My name is Chad Phillips and knowing Jesus is the biggest blessing in my life! Scripture tells us, everything the enemy tries to steal – God will give back. When I came to the Mission in 2011, I had lost everything including my family. I had been struggling with a methamphetamine addiction on and off for 14 years, cut off contact with my family, lost my job and my vehicle. I had nothing left but a small voice inside my head that for the past 6 months had been saying, “This isn’t what I had planned for you.”
At the time, I thought it was my own conscience telling me, “This isn’t what you thought you would do with your life.” However, now I realize it was the conviction of the Holy Spirit. I knew at this low point that I had to get somewhere safe – so I showed up at TRM in the clothes I was wearing and a change of socks and underwear in my bag. My plan was to stay long enough to get sober, get a job, and then go back to the life I had been living. However, the Lord was kind enough to keep me at the Mission for a few months until my advocate sat me down and said, “We need to see some movement from you – we need to see you find employment or join a program.”
So I started the Servants in Training (SIT) program. God really got ahold of me during that time and I never looked back. I was fortunate during the program to work at the Distribution Center at TRM Ministries. They saw my potential and hired me part-time, which led to a full-time position after I graduated the SIT program.
I was able to serve on staff at the Distribution Center for four years, from 2012-2016. It was an amazing experience to have the chance every day to serve so many with the same team that had helped me. I connected with Mary Flin at the Urban Ministry Institute of Topeka where I began seminary level studies. From there I connected with World Impact out of Wichita and through them connected with the Christ the Victor church planting movement.
Six years after I entered the Mission doors – God allowed me to be the director of the very program (Servants in Training) that I had gone through and that changed my life. He also used me to plant a church in one of our most underserved neighborhoods in Topeka.
It is such a blessing to do for others what so many at the Mission did for me, simply by allowing God to work through me. This is possible because Jesus changed my heart and I stopped caring about what I wanted. I stopped focusing on trying to satisfy every whim and desire I had, focusing instead on how to help others improve their lives.
What can I do to make an impact in this person’s life? How can I love them? How can I help meet their need?

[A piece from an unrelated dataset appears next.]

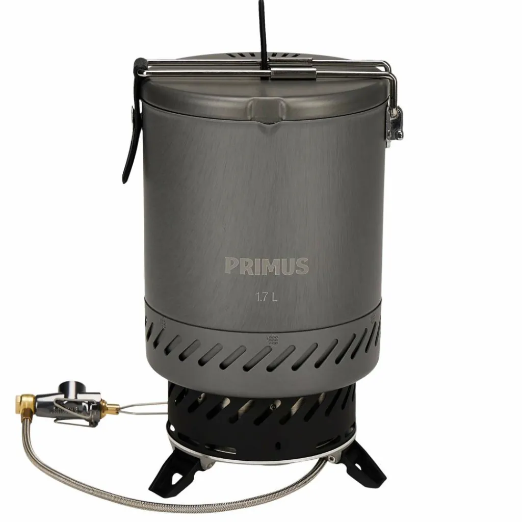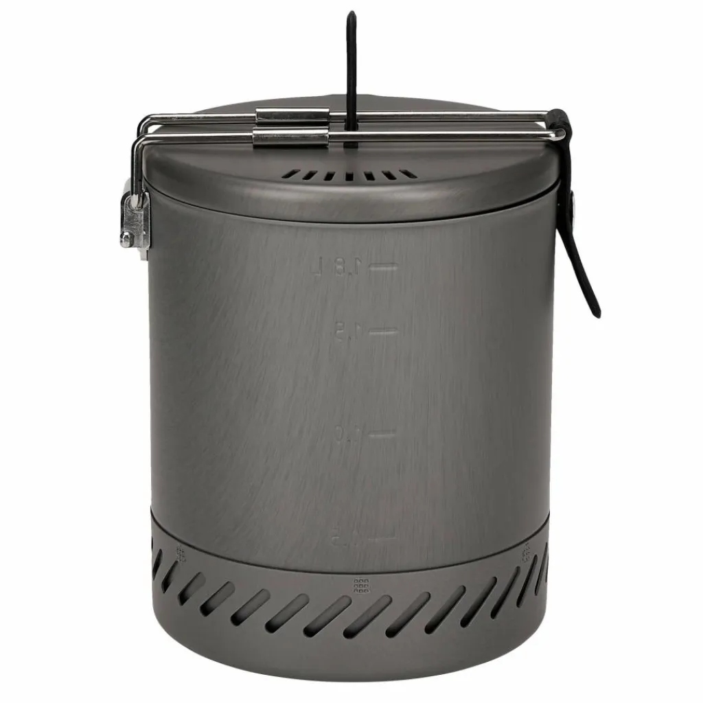 Der Brenner besitzt drei klappbare Beine, die für einen niedrigen Schwerpunkt und sicheren Stand sorgen. Seitlich des hartanodisierten Topfes befindet sich ein Wärmetauscher, der vorbeiströmende Wärme aufnimmt und die zur Verfügung stehende Hitze effizient an den Topf weitergibt. Ausgestattet ist er zudem mit einem Ausgießer, einem Klappgriff mit Isolierung und einem Deckel mit Siebfunktion zum Abgießen überschüssigen Wassers.

How can I walk with them, weep with them at times, and just support them when I can?
Really, the biggest thing Jesus changed about me – was helping me see others’ needs and then find a way to help. I am now working on staff at the Mission and it’s not a job – it’s a calling. I want every minute of every waking hour I have to be devoted to serving God and advancing His Kingdom.
I am also in the process of buying my first home! God has been calling me to a specific neighborhood, but affording the home is difficult because of past financial decisions I made. But God moved, and some good friends and people I know pulled together the money necessary to buy the house, and eventually I will be able to purchase the house back from them. Now I can live in the neighborhood God is using me to plant a church – living out the motto of our church planting ministry, one neighborhood connected to Christ.
God was restoring my life spiritually and professionally but there was still work to do with my family. When you make bad choices and sink so low – you don’t want the people you love to see you that way. I became good at disappearing, which isn’t a great skill to have at times. There were periods in my life where my mom, dad, brothers and sisters had no clue if I was alive or dead and no way to find out. In the midst of your addiction, you will tell yourself, “well I’m only hurting myself so it doesn’t matter if I do this.”
The reality is you are causing other people pain and it takes a long time to rebuild trust. The relationships I broke with my choices are being rebuilt and that feels wonderful. You know, I lost a lot of time with my family that I can’t get back, but I can, through the grace of God, continue walking forward in those relationships. That’s the most amazing thing!